Когда визитер с поклоном скрылся за дверью, Софья вновь, теперь уже медленно перечитала письмо. На ее губах появилась довольная усмешка. Посмотрим теперь, бояре, что вы приговорите. Жаль только, что Голицын не выдержал до конца свою роль, но это не страшно. Пусть грязными делами Шакловитый занимается, а князь — он разума великого, не для того рожден, чтобы с изменниками бороться. Когда она вчера предложила свой план с подметным письмом, Василия Васильевича чуть карачун не хватил. Тонкой души человек, не то, что Федор Леонтьевич, который хоть и думный дьяк, а замашки его как у разбойника с большой дороги.

Она с нежностью вспомнила длинные шелковистые волосы, обрамляющие бритое лицо князя Василия с пушистыми усами над пухлыми, красиво очерченными губами. Ах, все бы отдала, чтобы стать его женой! После памятного поцелуя их отношения становились все более запутанными. Она часто ловила его взгляды, в которых, как ей казалось, читала любовь и нежность, но наедине князь делал все, чтобы держаться от девушки на почтительном расстоянии. Что это? Страх близости, человеческого или божеского осуждения, или ей только кажется, что он ее любит?

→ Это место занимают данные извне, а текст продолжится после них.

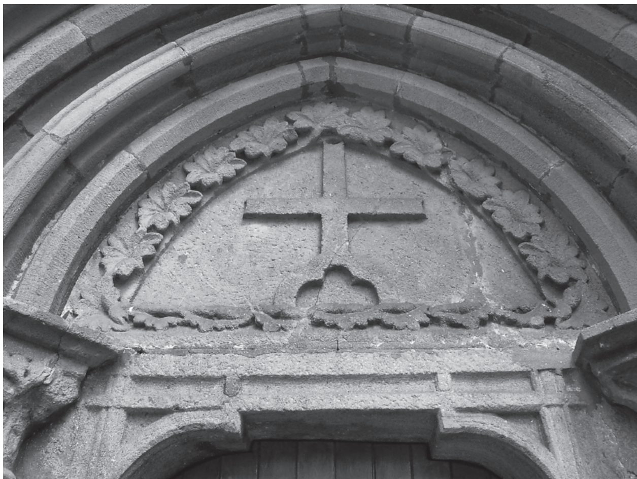
12 – Tympanon západní portálu. Dolní Loučky, kostel sv. Mikuláše

pak v 15. století přiváželi články z daleko méně kvalitního kamene, které navíc podléhají vlivem počasí rychlejší zkáze? Nabízí se vysvětlení, že původní portál nesl jen drobné hlavice, vložené do hloubi ústupku, nebo dokonce jen jednoduchý talíř či prstenec, ústupky s hruškovitou profilací by tak obíhaly celý portál, nikterak nepřerušeny průběžnou římsou. Pro tento typ uspořádání portálové architektury lze nalézt analogie, a to především v českém nebo slezském prostředí. Na konci středověku pak dali stavitelé či stavebníci přednost bohatě zdobeným hlavicím před jednodušší výzdobou. Též se nabízí druhý, méně pravděpodobný výklad, že hlavice byly získány z dílny sídlící v Porta coeli už v polovině 13. století, použitý materiál odlišného charakteru nemusel nikterak vadit, neboť lze předpokládat, že portál byl ve středověku polychromovaný. Musím však podotknout, že na portálové architektuře není po polychromii jediná viditelná stopa.

Сердце Софьи разрывалось от любовных мук, и только сестрица Марфа да Верка знали, как часто она рыдала по ночам в подушку. Но сейчас даже хорошо, что Василий Васильевич не появится на заседании Ближней думы и не будет отвлекать ее от того, что ей предстоит сделать.

— Как ты думаешь, Верка, осудит ли Бог человека за грешный поступок, если тем самым он спасет много людей от смерти? — спросила она у верной служанки, пока та расчесывала ей густые волосы.

— Это тебе, Софья Алексеевна, лучше у патриарха спросить. Не мне судить. Помню как-то давно, когда был жив отец Симеон, рассказывал он об одном рыцаре, который остановился вместе со слугой в трактире и потребовал ужин. Ему принесли хлеб и мясо. Пока господин выходил до ветру или еще куда, слуга стащил со стола полкуска мяса и быстро съел. Тут у него свело живот, и он умер в мучениях, потому что хозяин трактира оказался разбойником и отравил ужин постояльца, чтобы завладеть его оружием, доспехами и деньгами. Вернувшись, рыцарь увидел мертвого слугу, все понял и, выхватив меч, заставил хозяина доесть его ужин. Тот пожевал немного и тоже умер. Вот и спрашивается, кто такой слуга: вор, укравший хозяйский ужин, или спаситель своего господина?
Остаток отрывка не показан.